6.45
assume matrix size N = 4, cache block size B = 8Byte, sizeof(int) = 4
matrix size 4*4
+--+--+--+--+
|0 |1 |2 |3 |
+--+--+--+--+
|4 |5 |6 |7 |
+--+--+--+--+
|8 |9 |10|11|
+--+--+--+--+
|12|13|14|15|
+--+--+--+--+
function transponse
void transpose(int* dst, int* src, int N) {
int i, j;
for (i = 0; i <= N-1; i++)
for (j = 0; j <= N-1; j++)
dst[j*N+i] = src[i*N+j];
}
every cache block can store 2 int numbers
traverse src by step 1, order:
0 1 2 3 4 5 6 7 8 9 10 11 12 13 14 15
order 0: cache miss, load src[0],src[1]
order 1: cache hit because of order 0
order 2: cache miss, load src[2],src[3]
….
order 15: cache hit
if B is greater, hit rate will be greater too.

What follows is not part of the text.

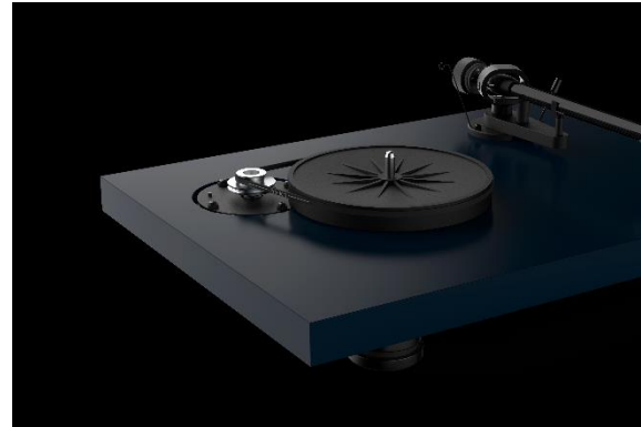
Premium sub-platter drive system

Out of the box, the Debut Carbon EVO is capable of playing 33, 45 and 78 RPM records. The new speed control solution is implemented in a highly intuitive fashion using a three-position rocker switch (33 – OFF – 45). For precise speed at 78 RPM, a separate drive-belt is also supplied. As well as bringing convenience to the overall design, the speed control system also ensures the motor rotation is electronically regulated for total accuracy and stability.

traverse dst by step 4, order:
0 4 8 12 1 5 9 13 2 6 10 14 3 7 11 15
element 0: miss, load dst[0],dst[1]
element 4: miss, load dst[4],dst[5]
element 8: miss, load dst[8],dst[9]
element 12: miss, load dst[12],dst[13]
element 1: interesting, order 0 has loaded dst[1] into cache, hit. but in many
cases, element 4/8/12 may use the same cache block with element 0. so miss is
also possible.
….
element 15: hit / miss
let’s assume worest case: all element miss cache
if we split matrix by 2*2
split matrix by size 2*2 block
+--+--+--+--+
| | |
+ 0 + 1 +
| | |
+--+--+--+--+
| | |
+ 2 + 3 +
| | |
+--+--+--+--+
transpose block 0 itself
transpose block 1 with 2
transpose block 3 itself
code
for (i = 0; i <= N-2; i+=2)
for (j = 0; j <= N-2; j+=2) {
dst[j*N+i] = src[i*N+j];
dst[j*N+i+1] = src[(i+1)*N+j];
dst[(j+1)*N+i] = src[i*N+j+1];
dst[(j+1)*N+i+1] = src[(i+1)*N+j+1];
}
when i = 0, j = 0, transpose block 0 itself
+--+--+ +--+--+
|0 |1 | |0 |4 |
+--+--+ => +--+--+
|4 |5 | |1 |5 |
+--+--+ +--+--+
dst[0] = src[0];
dst[1] = src[4];
dst[4] = src[1];
dst[5] = src[5];
if element 0 is miss, element 1 must hit;
if element 4 is miss, element 5 must hit;
50% is the highest hit rate in such low cache block size.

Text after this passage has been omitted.